We always knew about the cat's whiskers, but U.S. engineers have discovered it is really the cat's tongue we should be raving about.
Cats have a unique lapping technique — a cat's tongue moves as fast as one metre per second while drinking, the researchers reported in Friday's Science journal.
And while it might be an interesting addition to feline facts, the researchers also believe this insight may benefit the design of soft robotics to handle liquids.
Co-author Dr. Roman Stocker, of the department of civil and environmental engineering, at the Massachusetts Institute of Technology, says the inspiration for the work came from his cat, Cutta Cutta, named after Cutta Cutta National Park in the Northern Territory, which he visited while working in Perth from 2000-02.
"Three years ago, I was watching Cutta Cutta lap during breakfast and realized there was an interesting biomechanics problem behind this simple action," he says.

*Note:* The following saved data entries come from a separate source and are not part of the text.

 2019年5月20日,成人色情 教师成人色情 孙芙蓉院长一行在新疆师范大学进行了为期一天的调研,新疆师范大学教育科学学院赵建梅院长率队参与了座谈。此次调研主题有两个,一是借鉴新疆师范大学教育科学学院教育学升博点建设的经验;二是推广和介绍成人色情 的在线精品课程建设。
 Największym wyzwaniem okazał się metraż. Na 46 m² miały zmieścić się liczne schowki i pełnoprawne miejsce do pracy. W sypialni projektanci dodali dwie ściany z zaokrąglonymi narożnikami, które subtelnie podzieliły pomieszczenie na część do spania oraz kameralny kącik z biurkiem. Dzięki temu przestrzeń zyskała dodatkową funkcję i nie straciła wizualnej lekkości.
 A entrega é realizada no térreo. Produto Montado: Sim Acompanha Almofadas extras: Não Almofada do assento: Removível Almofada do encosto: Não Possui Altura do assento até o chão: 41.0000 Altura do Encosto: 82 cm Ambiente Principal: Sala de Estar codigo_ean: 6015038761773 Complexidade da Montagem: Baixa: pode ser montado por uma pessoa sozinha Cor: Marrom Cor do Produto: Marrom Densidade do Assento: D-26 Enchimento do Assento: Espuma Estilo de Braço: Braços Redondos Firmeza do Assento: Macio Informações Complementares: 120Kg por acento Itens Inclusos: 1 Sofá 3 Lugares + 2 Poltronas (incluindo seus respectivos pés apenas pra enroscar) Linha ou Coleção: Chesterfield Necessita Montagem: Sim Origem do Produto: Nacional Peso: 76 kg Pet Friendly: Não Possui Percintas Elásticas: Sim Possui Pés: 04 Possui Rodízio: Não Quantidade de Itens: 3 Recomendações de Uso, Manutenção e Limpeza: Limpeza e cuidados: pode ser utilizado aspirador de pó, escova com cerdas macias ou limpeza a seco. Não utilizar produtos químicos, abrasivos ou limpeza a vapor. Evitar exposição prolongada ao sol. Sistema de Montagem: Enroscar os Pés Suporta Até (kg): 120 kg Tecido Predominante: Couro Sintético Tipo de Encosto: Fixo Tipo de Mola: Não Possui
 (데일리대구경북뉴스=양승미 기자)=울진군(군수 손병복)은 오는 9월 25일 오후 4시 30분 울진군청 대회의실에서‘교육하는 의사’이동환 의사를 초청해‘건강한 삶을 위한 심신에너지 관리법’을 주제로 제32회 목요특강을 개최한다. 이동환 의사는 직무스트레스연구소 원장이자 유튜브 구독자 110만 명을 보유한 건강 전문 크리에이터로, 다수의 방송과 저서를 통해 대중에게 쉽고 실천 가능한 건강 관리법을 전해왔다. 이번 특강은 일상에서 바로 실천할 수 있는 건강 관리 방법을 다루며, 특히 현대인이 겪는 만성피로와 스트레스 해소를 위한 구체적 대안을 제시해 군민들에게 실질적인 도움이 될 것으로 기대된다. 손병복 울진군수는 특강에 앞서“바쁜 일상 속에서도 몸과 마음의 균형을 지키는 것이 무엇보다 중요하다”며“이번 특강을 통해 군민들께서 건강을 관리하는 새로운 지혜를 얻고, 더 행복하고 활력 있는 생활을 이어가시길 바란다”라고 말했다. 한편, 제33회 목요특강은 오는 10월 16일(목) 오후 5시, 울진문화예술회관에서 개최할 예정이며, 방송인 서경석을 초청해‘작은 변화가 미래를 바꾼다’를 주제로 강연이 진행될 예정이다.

"Initial high-speed videos revealed the elegance of the lapping action, which the naked eye misses entirely."
Study co-author Pedro Reis spoke with CBC'sQuirks & Quarks. You can download the interview as an .mp3 or listen to the full show.

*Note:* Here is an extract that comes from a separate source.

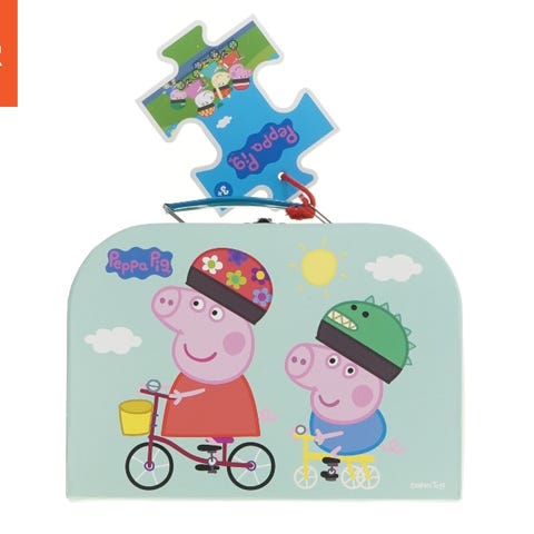 Billedet viser et Peppa Pig puslespil, der er designet til at lære børn om årstiderne. Æsken indeholder flere stykker, som sammen danner billeder med efterår, vinter, forår og sommer temaer. Puslespillet er anbefalet til børn over 3 år og har dimensionerne 19x19 cm.
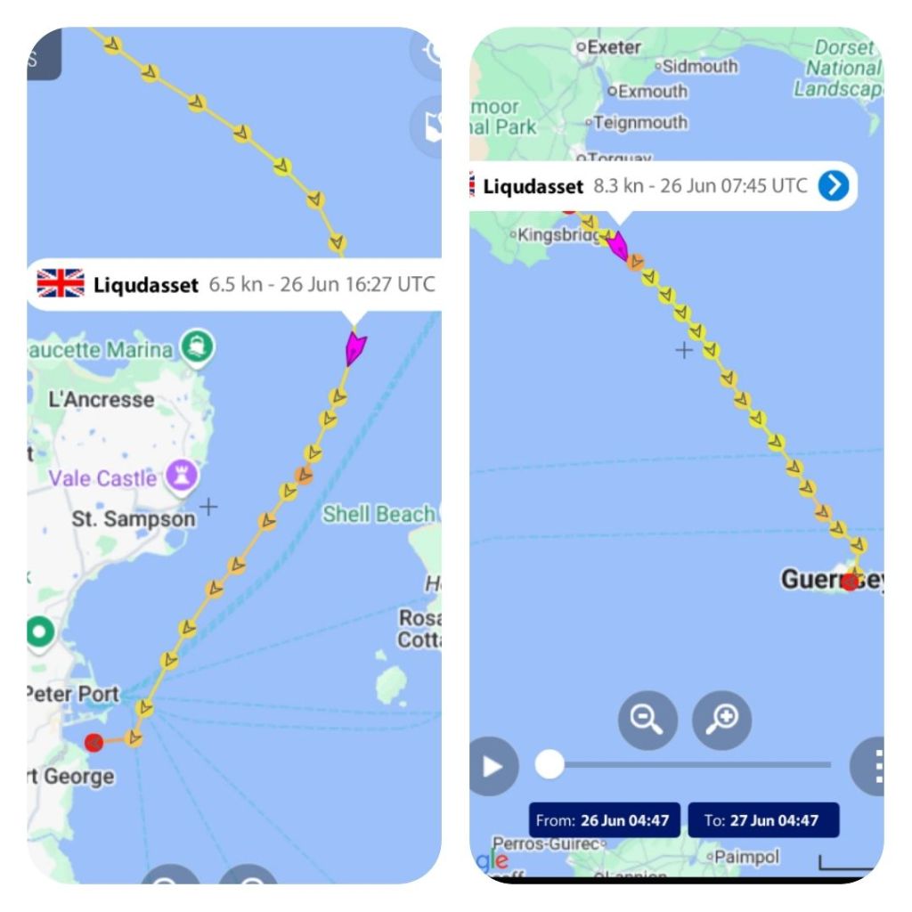 17:35 After adjusting our course for wind shifts and the tides, we arrived early before the tidal gate closed. This was crucial because fighting against the strong channel tides can drop your speed to one or two knots. The final leg ends with sailing down the Little Roussel channel, avoiding the Trois Grune rocks and leaving the Bréhon Tower to port.

Vertebrates are divided into two classes of animals, says Stocker. There are those with complete cheeks, for example, humans, sheep, horses and pigs, and those with incomplete cheeks, for example most carnivores.

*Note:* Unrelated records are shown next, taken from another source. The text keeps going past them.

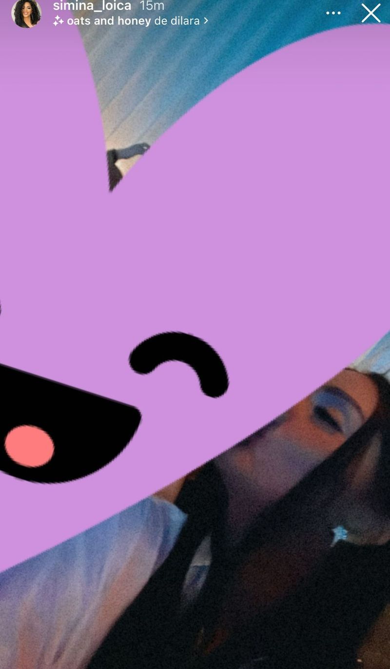 Simina Loica s-a pozat în timp ce se sărută cu o persoană misterioasă, iar judecând după faptul că a pus o inimă mare în încercarea de a-i ține secretă identitatea, putem să de gândim că este vorba despre un bărbat pe care aceasta vrea să-l țină departe de ochii curioșilor.
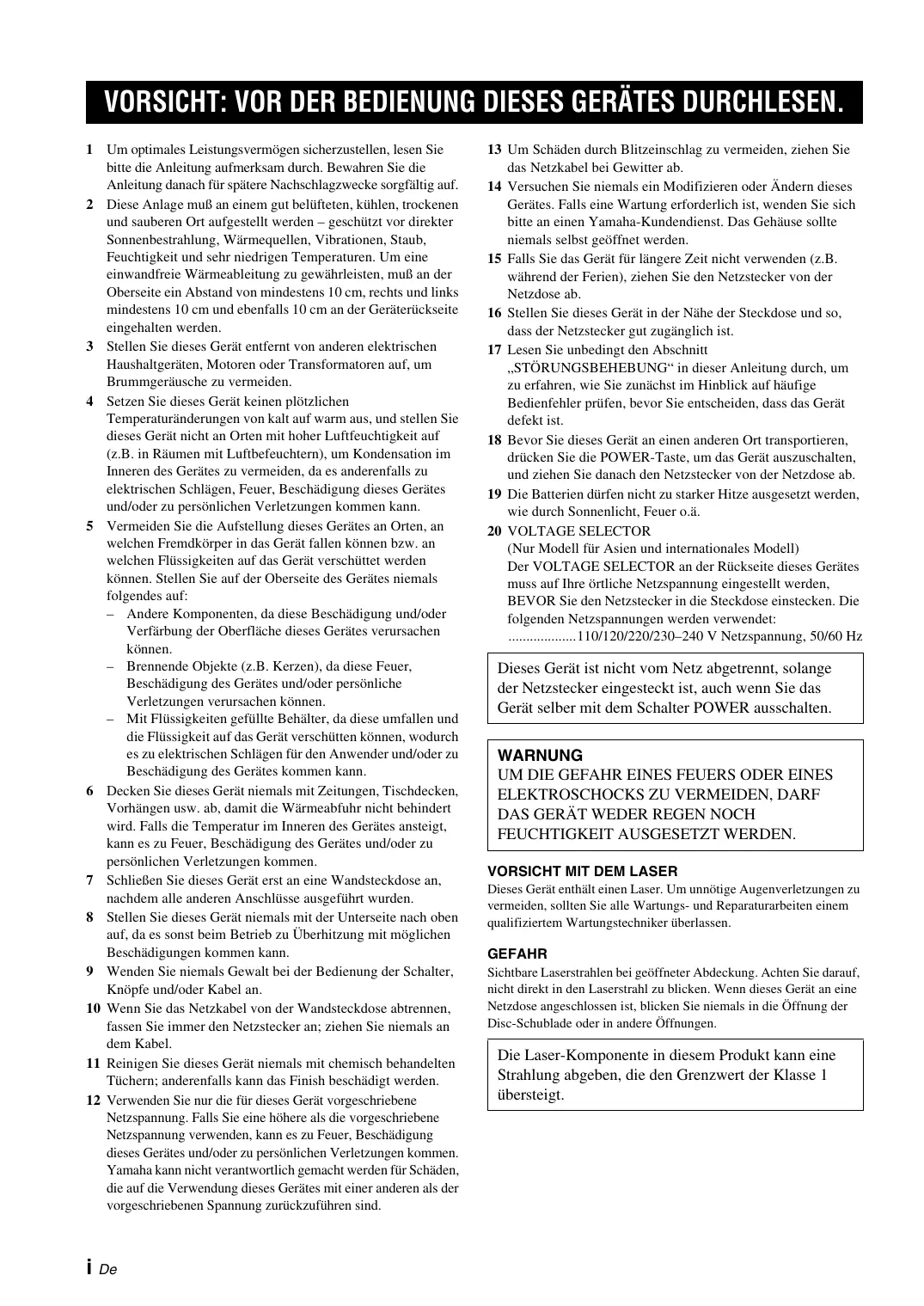 VORSICHT: VOR DER BEDIENUNG DIESES GERÄTES DURCHLESEN.
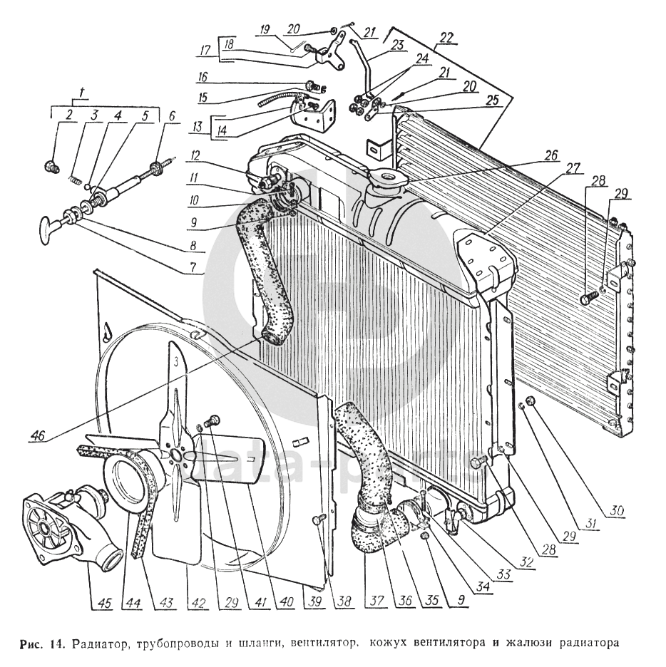 Радиатор, трубопроводы и шланги, вентилятор, кожух, вентилятора и жалюзи радиатора ГАЗ-52-02
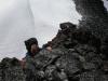 3. Hei Ivar! Du vet, sånn som vi virra rundt på breen i tåka måtte det jo bli noen knuter på tauet etterhvert... Nei, men det er som du har observert noen knuter på tauet ja. Vi lagde noen knuter mellom hver av oss, og de skulle fungere som en brems dersom en falt ned i en sprekk. Når tauet skar seg ned i snøen, skulle knutene hekte seg fast og holde igjen vekten av den som hadde falt nedi. Ulempen er at de kan bli i veien ved selve redningen. Jeg hadde ikke hørt om dette tidligere selv, men Coni hadde lært dette fra Østerrike.
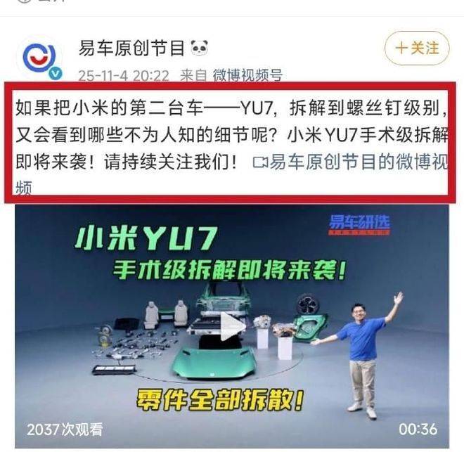 11 月 5 日,汽车圈与科技圈同时被一则消息引爆 —— 易车原创节目发布 “小米 YU7 全网首拆” 视频,对这台小米首款量产车从里到外、从上到下进行了 “底裤级” 拆解。对此,小米集团创始人雷军亲自在微博回应:“我认真看完这个拆解视频,推荐 YU7 车主们都看看。也欢迎各位同行和专家指点。”

He says animals with incomplete cheeks have evolved to open their jaws extensively to catch prey, but cannot generate suction with their mouths, so they have to use different strategies to drink.
Dogs drink by extending their tongue out from the mouth, morphing it into a cup. As their tongue enters the water, the 'cup' fills with liquid and they then bring it to the mouth.
"In our study we show that cats drink using a very different mechanism that exploits a detailed balance between gravity and inertia," says Stocker.
The videos show that, unlike their canine counterpart, cats do not scoop up the liquid.
Rather they bend the upper side of their tongue under so that the top surface lightly touches the liquid.
The cat then raises its tongue rapidly, drawing the water up in a liquid column and closes its jaw to capture the fluid before gravity breaks up this column.
The researchers are unsure why this difference has evolved, but suggest it may be connected with how "messy" the dog's action is in terms of water splashes and spray.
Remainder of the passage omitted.